I can't specifically remember but I know at the time I wasn't aware you could break for free. Think there was maybe an advertisement, definitely something to prompt me. What was unusual at the time a friend had a fixed mortgage at ptsb. I told him that I could break out for free & advised he do the same. He rang & was told he would have to pay several thousand to break early. I always thought that was strange. Anyway since this Ptsb scandal has occurred I spoke again to my friend & asked him what type of loan he had. He fixed with option to go to fixed or variable on expiry. So there you go. One example of him being treated differently as he didn't have a tracker to loose. I have informed my solicitor of this.


----------



## Bronte (3 Aug 2015)

It would be helpful to know how it came about that so many PTSB customers broker their fixed rates, took a fixed rate, moved to a very low variable and lost their trackers. 

So how exacly in the first instant did it come about that customers broke their fixed rate.  It is no easy thing to break a fixed rate.  It's nearly unheard of to not have to pay a penalty. 

So first question.  How did you become aware that you could break the fixed rate for free.  Was it an advertisment, a telephone call out of the blue ?


----------



## Bronte (3 Aug 2015)

PTSBCase said:


> I can't specifically remember but I know at the time I wasn't aware you could break for free. Think there was maybe an advertisement, definitely something to prompt me. What was unusual at the time a friend had a fixed mortgage at ptsb. I told him that I could break out for free & advised he do the same. He rang & was told he would have to pay several thousand to break early. I always thought that was strange. Anyway since this Ptsb scandal has occurred I spoke again to my friend & asked him what type of loan he had. He fixed with option to go to fixed or variable on expiry. So there you go. One example of him being treated differently as he didn't have a tracker to loose.
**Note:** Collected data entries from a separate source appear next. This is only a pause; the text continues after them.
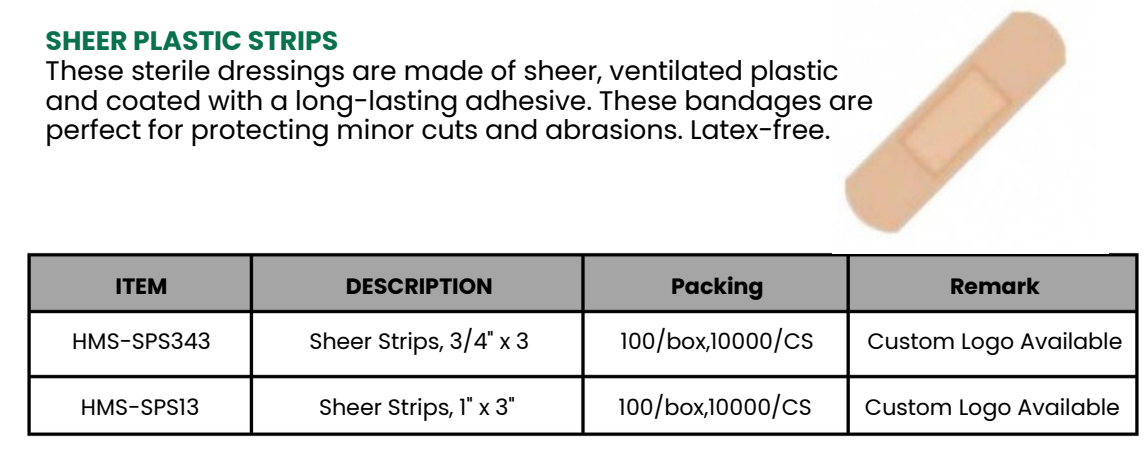 Your Location:Home >Products >Emergency Medical Supplies >WOUND CARE & FIRST AID >ADHESIVE BANDAGES >SHEER PLASTIC STRIPS
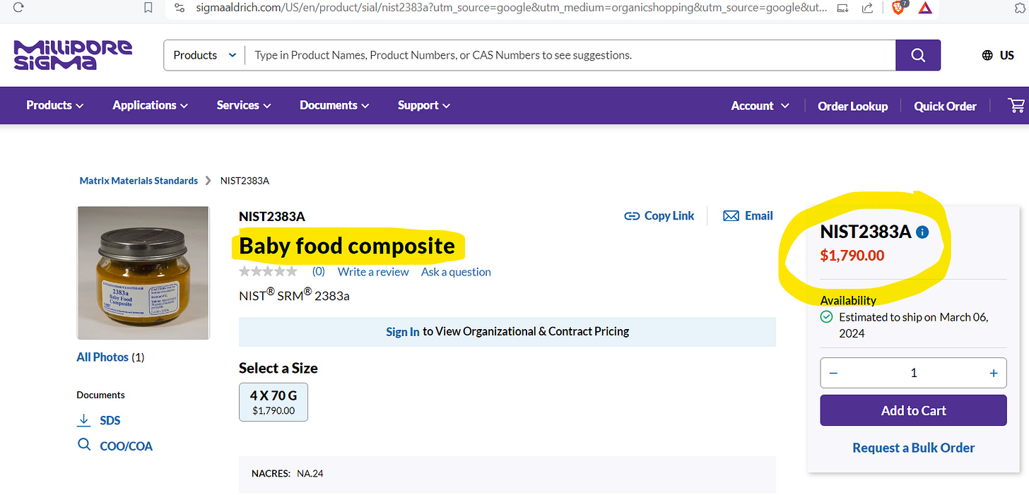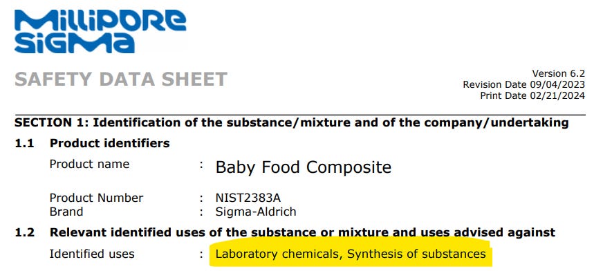 Sabiam que a empresa química da Merck, Millpore Sigma, vende “Composto para comida de bebé” por 1.790 dólares?
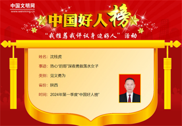 4月18日,2024年第一季度“中國好人榜”發(fā)布儀式暨全國道德模范與身邊好人現場交流活動,在江西省九江市舉辦。我市沈桂虎光榮上榜。
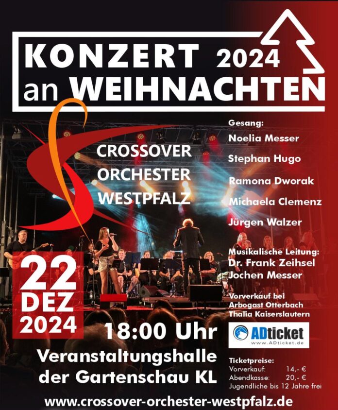 Der Musikverein Otterbach e.V. (MVO) veranstaltet wieder das traditionelle „Konzert an Weihnachten“. Am 22. Dezember 2024 verwandelt das „Crossover Orchester Westpfalz“, ein Ensemble des Musikvereins Otterbach e.V., die Veranstaltungshalle der Gartenschau in Kaiserslautern ab 18 Uhr in einen großen Konzertsaal. Unter der musikalischen Leitung von Dr. Frank Zeihsel und Jochen Messer hat das Crossover Orchester Westpfalz wieder ein vielseitiges Programm mit allerlei musikalischen Highlights zusammengestellt. Auch in diesem Jahr darf das Crossover Orchester Westpfalz beim Konzert wieder musikalische Gäste begrüßen. Am Gesang wird das Orchester von Ramona Dworak, eine der schönsten Stimmen Kaiserslauterns, bekannt von „Jam Planet“ und „Girls on Fire“ sowie von dem Lautrer Sänger Stephan Hugo, bekannt durch „Winterland“ und viele weitere Formationen, aber vor allem auch durch seinen charismatisch-markanten Gesang bei Produktionen des Pfalztheaters und auf verschiedenen CD-Produktionen unterstützt. An der Gitarre und am Gesang konnte erneut Jürgen Walzer, bekannt durch „Superior“ und seine eigene Rockoper „Dispyria“ gewonnen werden. Hinzu kommen aus den eigenen Reihen des Orchesters mit einzigartigen und mitreißenden Stimmen Michaela Clemenz, ausgebildete Sopranistin, und Noelia Messer, die, wenn sie nicht gerade singt, das Orchester mit Ihrem Können an der Percussion unterstützt. Abgerundet wird der Abend durch den „Crossover Chor“, dem eigenen Background Chor des Crossover Orchesters Westpfalz mit Sänger*innen aus der ganzen Region.

I have informed my solicitor of this.


 
Try and remember.  Look at the paperwork or emails.  Something triggered it.  That's VERY interesting about your friend.  More signs of deliberate policy.

So another question:

Question 4.  Were only customers with trackers given the no break penalty option. 

Question 5. Were all other variable/fixed rate customers never offered it. 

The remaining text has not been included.